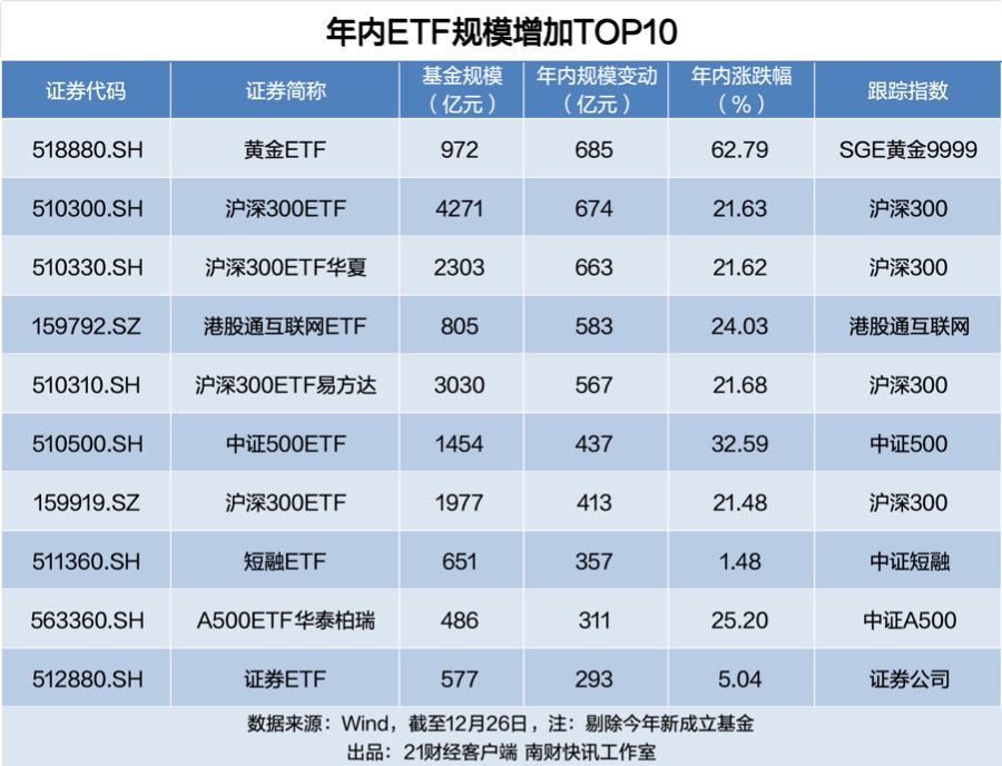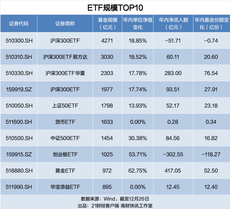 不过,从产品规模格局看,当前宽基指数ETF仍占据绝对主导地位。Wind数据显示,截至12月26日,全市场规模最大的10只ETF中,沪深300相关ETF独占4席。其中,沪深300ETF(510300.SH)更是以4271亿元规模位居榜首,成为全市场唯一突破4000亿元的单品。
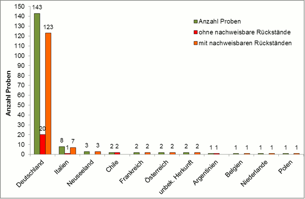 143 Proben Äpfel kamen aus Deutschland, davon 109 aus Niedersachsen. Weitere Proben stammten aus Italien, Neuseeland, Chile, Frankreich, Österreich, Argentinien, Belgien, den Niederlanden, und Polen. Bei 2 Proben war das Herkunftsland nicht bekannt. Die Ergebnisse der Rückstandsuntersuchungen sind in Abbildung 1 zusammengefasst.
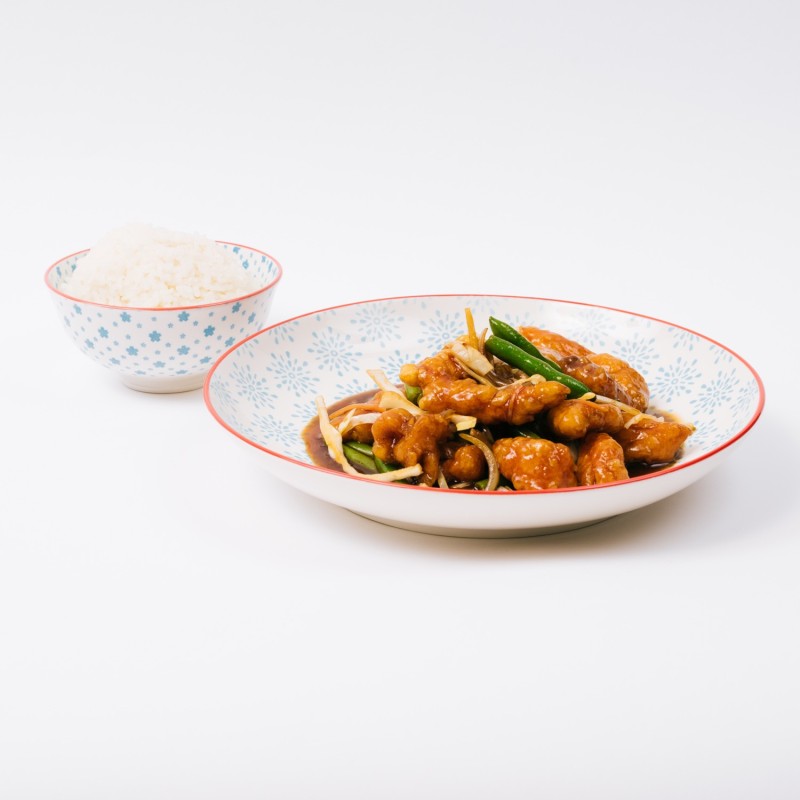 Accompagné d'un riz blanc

☆ ☆ ☆

WORK TO COMPLETE: Print the data above exactly, minus pictures.

EXPECTED ANSWER:
 不过,从产品规模格局看,当前宽基指数ETF仍占据绝对主导地位。Wind数据显示,截至12月26日,全市场规模最大的10只ETF中,沪深300相关ETF独占4席。其中,沪深300ETF(510300.SH)更是以4271亿元规模位居榜首,成为全市场唯一突破4000亿元的单品。
 143 Proben Äpfel kamen aus Deutschland, davon 109 aus Niedersachsen. Weitere Proben stammten aus Italien, Neuseeland, Chile, Frankreich, Österreich, Argentinien, Belgien, den Niederlanden, und Polen. Bei 2 Proben war das Herkunftsland nicht bekannt. Die Ergebnisse der Rückstandsuntersuchungen sind in Abbildung 1 zusammengefasst.
 Accompagné d'un riz blanc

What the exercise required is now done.